Insulino-resistência e infecção por VIH 59 dor, não aumentou a adipogénese periférica, possivelmente porque actua primariamente na redução da insulino-resistência hepática. Pelo contrário, as tiazolidinedionas (rosiglitazona, pioglitazona), estão associadas a aumento de peso, promovem a adipogénese subcutânea primariamente através da sua acção nos PPARγ. Apesar das tiazolidinedionas terem efeitos tanto na insulino-resistência hepática como periférica, o efeito dominante é melhorar a captação periférica de glicose. As tiazolidinedionas também reduzem os níveis plasmáticos de triglicerídeos e podem aumentar as HDL, diminuir o PAI-1 e melhorar a função endotelial. Os agentes hipolipemiantes (fibratos e estatinas) estão recomendados em indivíduos infectados por VIH com hiperlipidemia.
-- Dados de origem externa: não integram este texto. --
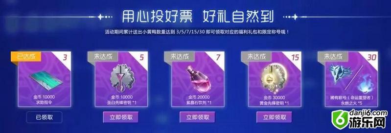 累计送出3个小黄鸭:金币*10000、求助指令*1;
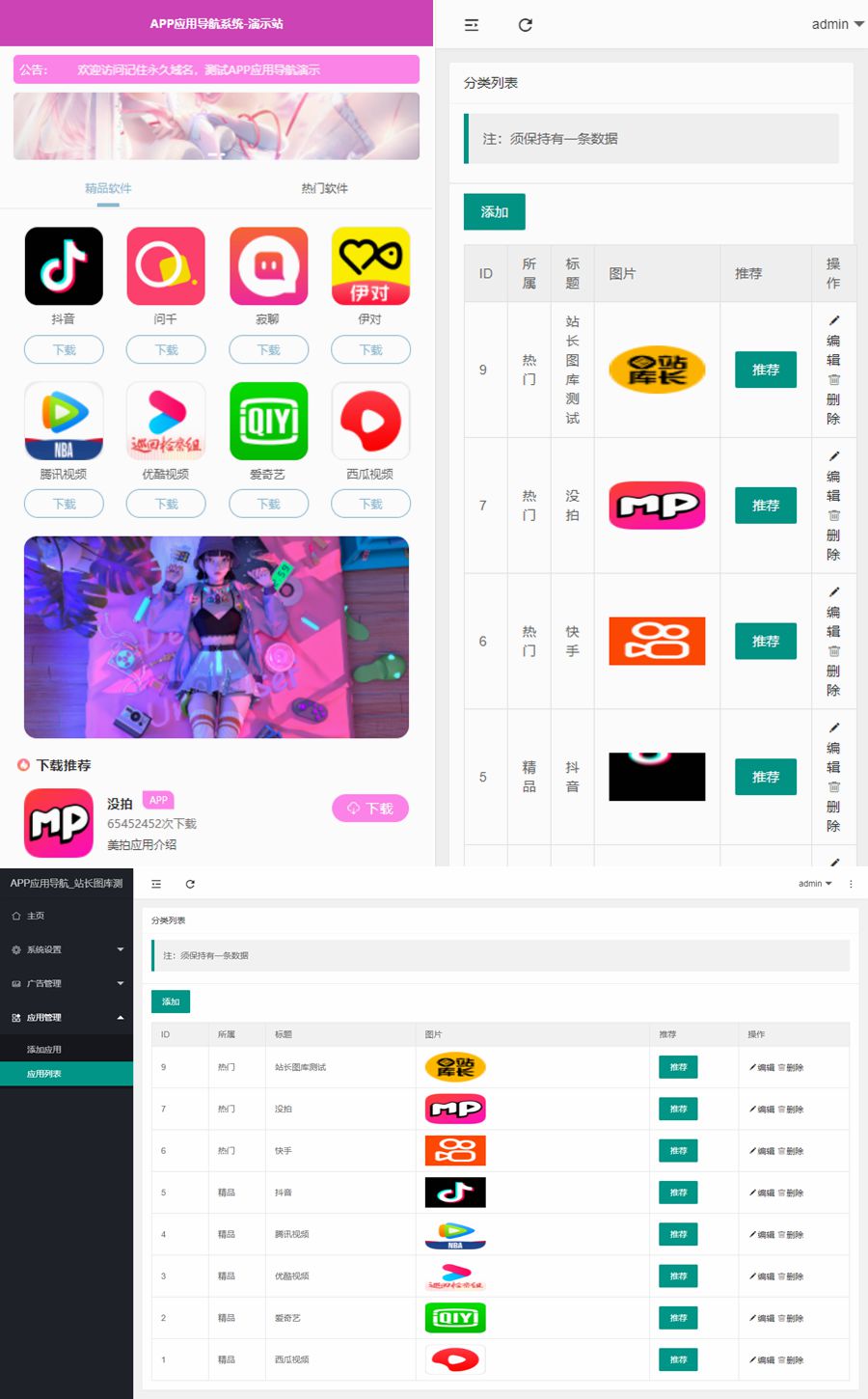 后台添加应用及轮播广告也非常方便,小白看了都会!tp的后台响应也特别丝滑,压缩包内附详细安装说明~
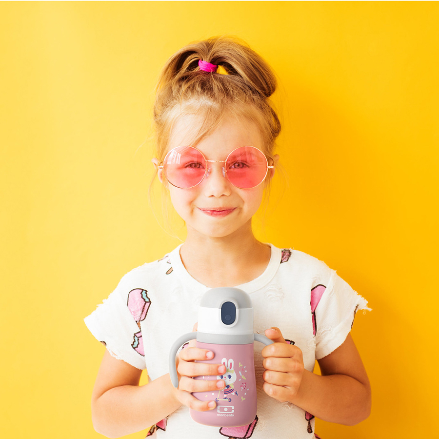 Корпус из нержавеющей стали с двоными стенками сохраняет напитки холодными до 12 часов. Крышка легко открывается одним нажатием. Соломинка снимается для чистки. Специальные ручки и ремешок обеспечивают удобство во время питья и переноски. Подходит только для холодных напитков. Материал не содержит бисфенол-А. Модель соответствует международным стандартам качества и подходит для детей старше 4 лет.
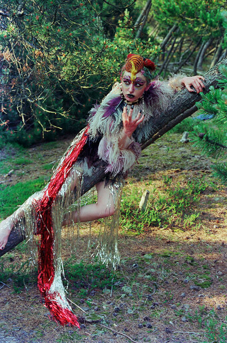 […] Die Sirene schreitet, violett gekleidet und mit einem eckigen Turban auf dem Kopf, durch den Wüstensand (die Wanderdüne auf Sylt, wo der Film in wenigen Wochen mit kleinstem Team gedreht wurde), und eine rhythmische Blendenvariation signalisiert das Verfließen von Zeit. Aber auch, wie sich später erweisen wird, den Herzschlag des Schicksals. Verweisen solche Techniken (die in abgewandelter Form wieder in Bildnis einer Trinkerin auftauchen) auf den Experimentalfilm, so gibt es andererseits auch Sequenzen, die die Collage zur filmischen Montage erweitern: Valeska Gert spielt den alten Vogel, und ihr Sterben wird, in einer Parallelmontage, begründet aus dem Tod des jungen Vogels. (Für diesen Film, sagt Ulrike Ottinger, hätten sie alle Federn gekauft, die in Berlin nur irgend zu finden waren. Und die trägt alle Tabea Blumenschein.) […]
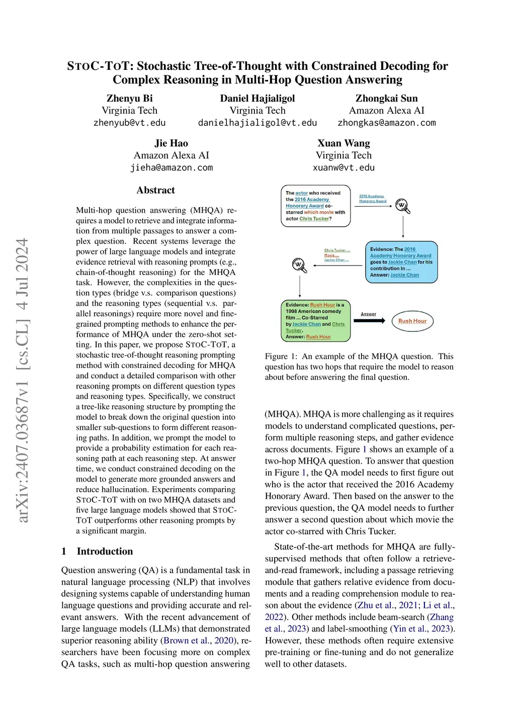 Multi-hop question answering (MHQA) requires a model to retrieve and integrate information from multiple passages to answer a complex question. Recent systems leverage the power of large language models and integrate evidence retrieval with reasoning prompts (e.g., chain-of-thought reasoning) for the MHQA task. However, the complexities in the question types (bridge v.s. comparison questions) and the reasoning types (sequential v.s. parallel reasonings) require more novel and fine-grained prompting methods to enhance the performance of MHQA under the zero-shot setting. In this paper, we propose STOC-TOT, a stochastic tree-of-thought reasoning prompting method with constrained decoding for MHQA and conduct a detailed comparison with other reasoning prompts on different question types and reasoning types. Specifically, we construct a tree-like reasoning structure by prompting the model to break down the original question into smaller sub-questions to form different reasoning paths. In addition, we prompt the model to provide a probability estimation for each reasoning path at each reasoning step. At answer time, we conduct constrained decoding on the model to generate more grounded answers and reduce hallucination. Experiments comparing STOC-TOT with two MHQA datasets and five large language models showed that our framework outperforms other reasoning prompts by a significant margin.

São preferidas as estatinas que não partilham vias de metabolismo similares com os IP (citocromo P450 3A4), no entanto a melhor forma de melhorar o perfil lipídico é a descontinuação da terapia com IP. Hormona de crescimento tem um efeito bidireccional na insulino-resistência, ou seja, um agravamento precoce e uma melhoria tardia. Existe um aumento na produção hepática de glicose e insulino-resistência hepática ao fim de um mês de tratamento mas que é reversível ao sexto mês. A IR periférica também melhora ao 6.º mês. Esta terapêutica está associada a perda de gordura, especialmente gordura visceral, diminuição do colesterol total, LDL e triglicerídeos e aumento das HDL. O tratamento com GHRH ( Growth hormone releasing hormone ) pode ser uma opção viável para reverter as anomalias da composição corporal existentes na lipodistrofia VIH. Apesar desta redistribuição da gordura reflectir um perfil cardiovascular mais saudável, os níveis de insulina, glicose, colesterol e triglicerídeos podem permanecer estáveis. Outras potenciais terapêuticas associadas à diminuição da IR são a administração de IGF-I, leptina e adiponectina. Conclusões A insulino-resistência associada à infecção VIH é comum e multifactorial, parecendo que alguns IP têm um efeito promotor directo. A redistribuição da gordura, também comum, parece ser igualmente multifactorial, com os agentes antiretrovíricos contribuindo apenas para uma parte do problema.